Problem statement –
All of the listing should be output exactly, apart from the pictures.

Source material –
Start of Block
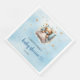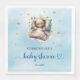 Unleash the charm of your boy baby shower party with the enchantingly designed napkins, graced with the illustration of an adorable baby bear. The bear, tenderly cradling blue and ivory balloons, descends from a sky blue canvas, evoking a sense of whimsical innocence. This charming 'Baby bear with balloons' napkin design perfectly captures the spirit of joyous celebrations, making it an unparalleled choice for creating an eternal memory of your special occasion.
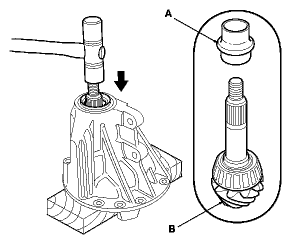 10. Support the differential carrier with a wood block under the driver pinion gear. Remove the pinion spacer (A) and the drive pinion gear (B) by tapping on the drive pinion using a plastic hammer.
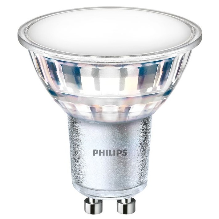 Bodová LED žárovka Philips CorePro LEDspot je určena pro spotová svítidla s paticí GU10. Její příkon je 4,9 W, má silnou svítivost 550 lm v širokém úhlu svitu 120°. Odpovídá svitu 50 W halogenové žárovky. Vydává nestmívatelné teplé bílé světlo 3000 K.
End of Block
Finished exercise –
 Unleash the charm of your boy baby shower party with the enchantingly designed napkins, graced with the illustration of an adorable baby bear. The bear, tenderly cradling blue and ivory balloons, descends from a sky blue canvas, evoking a sense of whimsical innocence. This charming 'Baby bear with balloons' napkin design perfectly captures the spirit of joyous celebrations, making it an unparalleled choice for creating an eternal memory of your special occasion.
 10. Support the differential carrier with a wood block under the driver pinion gear. Remove the pinion spacer (A) and the drive pinion gear (B) by tapping on the drive pinion using a plastic hammer.
 Bodová LED žárovka Philips CorePro LEDspot je určena pro spotová svítidla s paticí GU10. Její příkon je 4,9 W, má silnou svítivost 550 lm v širokém úhlu svitu 120°. Odpovídá svitu 50 W halogenové žárovky. Vydává nestmívatelné teplé bílé světlo 3000 K.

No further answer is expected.